Programs
========

Main CLI
--------

These are the core programs of BPReveal. Each one takes a JSON configuration file.

Before you train
''''''''''''''''

:py:mod:`prepareBed<bpreveal.prepareBed>`
    Given a set of regions and data tracks, reject regions that have too few
    (or too many) reads, or that have unmapped bases in the genome.

:py:mod:`prepareTrainingData<bpreveal.prepareTrainingData>`
    Takes in bed and bigwig files and a genome, and generates an hdf5-format
    file containing the samples used for training.

Training your models
''''''''''''''''''''

The first step is always ``trainSoloModel``. If you're not doing fancy bias
correction, then it's also the last step. ``trainTransformationModel`` and
``trainCombinedModel`` are just for if you're doing ChromBPnet-style bias
removal.

:py:mod:`trainSoloModel<bpreveal.trainSoloModel>`
    Takes in a training input configuration and trains up a model to predict
    the given data, with no bias correction. Saves the model to disk, along
    with information from the training phase.

:py:mod:`trainTransformationModel<bpreveal.trainTransformationModel>`
    Takes in a bias (i.e., solo) model and the actual experimental (i.e.,
    biology + bias) data. Derives a relation to best fit the bias profile onto
    the experimental data. Saves a new model to disk, adding a simple layer or
    two to do the regression.

:py:mod:`trainCombinedModel<bpreveal.trainCombinedModel>`
    Takes a transformation model and experimental data and builds a model to
    explain the residuals. Saves both a combined model and the residual model
    alone to disk.

Working with models
'''''''''''''''''''

These are the tools that you'll use after you've trained your models.

:py:mod:`makePredictions<bpreveal.makePredictions>`
    Takes a trained model (solo, combined, residual, or even transformation
    models work) and predicts over the given regions or sequences.
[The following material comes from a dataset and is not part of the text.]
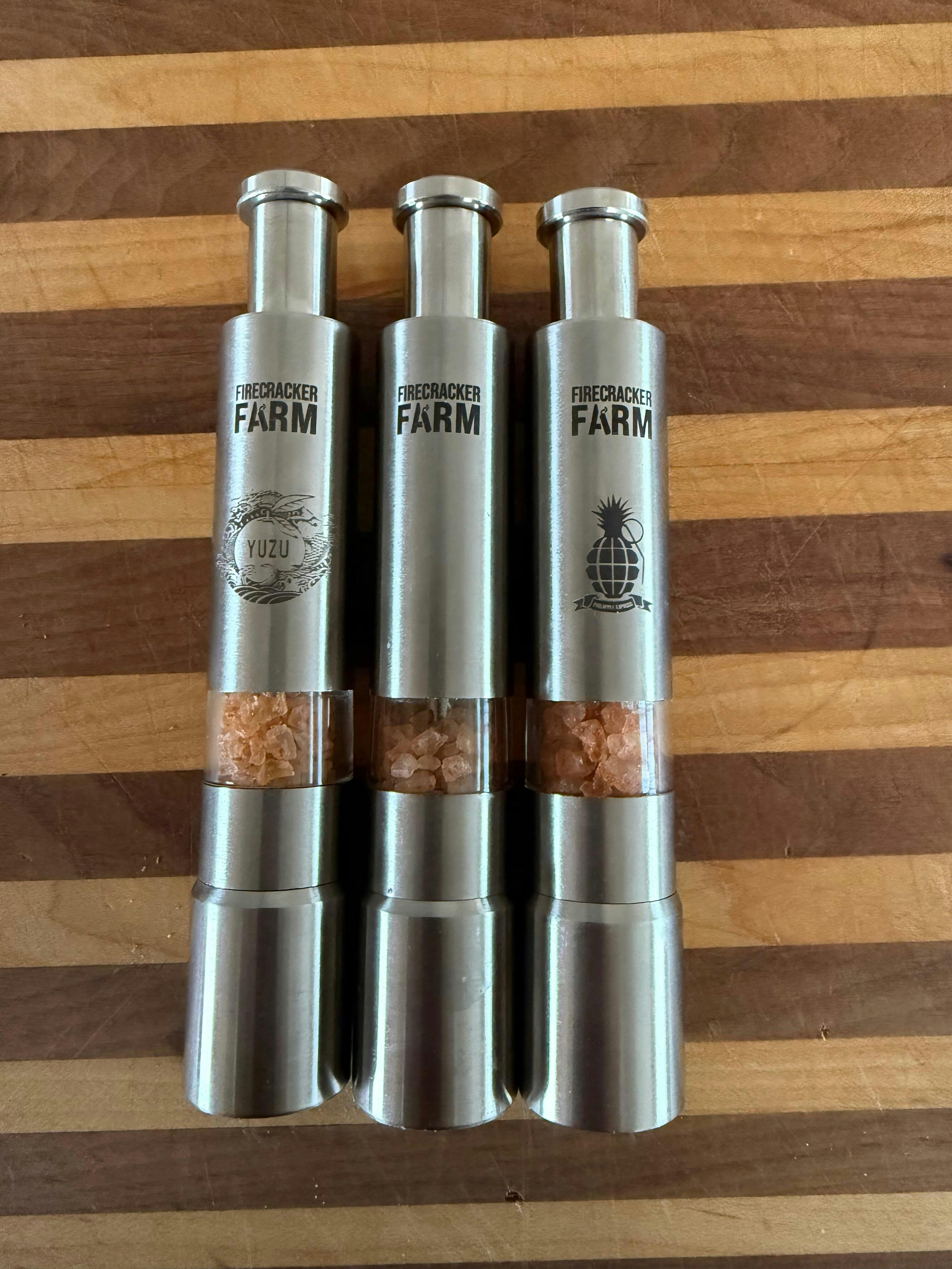 What you get: Pineapple Express is packaged in the The Firecracker Farm Pusher, a laser-etched, stainless steel, push grinder marked with the Pineapple Express logo and comes with a 25g pouch of coarse Pineapple Express Hot Salt to refill or party with. Grinder contains aprox. 17g (0.6oz) of Pineapple Express Hot Salt delivering about 515 presses of spicy, savory delight when full. The push grinder is easily refilled with Hot Salt from when the grinder finally runs out.

:py:mod:`interpretFlat<bpreveal.interpretFlat>`
    Generates shap scores of the same type as BPNet. Hypothetical contributions
    for each base are written to a modisco-compatible h5.

:py:mod:`interpretPisa<bpreveal.interpretPisa>`
    Runs an all-to-all shap analysis on the given bed regions or fasta
    sequences.

:py:mod:`makePisaFigure<bpreveal.makePisaFigure>`
    Generates a handsome-looking PISA graph or plot. This is a thin wrapper around
    :py:func:`plotting.pisaPlot<bpreveal.plotting.pisaPlot>` and
    :py:func:`plotting.pisaGraph<bpreveal.plotting.pisaGraph>`.

Looking for motifs
''''''''''''''''''

After you run MoDISco, you can use BPReveal to scan for motif instances
in the genome.

:py:mod:`motifScan<bpreveal.motifScan>`
    Scan the genome for patterns of contribution scores that match motifs
    identified by modiscolite.

:py:mod:`motifSeqletCutoffs<bpreveal.motifSeqletCutoffs>`
    Loads the output from ``modiscolite`` and calculates cutoff values to use
    during motif scanning.


Utility CLI
-----------

These are little tools and utilities that help in dealing with models. These
take arguments on the command line.

Before you train
''''''''''''''''

:py:mod:`checkJson<bpreveal.checkJson>`
    Take a json file and make sure that it's valid input for one of the
    BPReveal programs. Can also be used to identify which BPReveal program a
    json belongs to.

:py:mod:`lengthCalc<bpreveal.lengthCalc>`
    Given the parameters of a network, like input filter width, number of
    layers &c., determine the input width or output width.

Training your models
''''''''''''''''''''

:py:mod:`showTrainingProgress<bpreveal.showTrainingProgress>`
    Read in the log files generated by the training programs (when verbosity is
    ``INFO`` or ``DEBUG``) and show you how well the model's doing in real time.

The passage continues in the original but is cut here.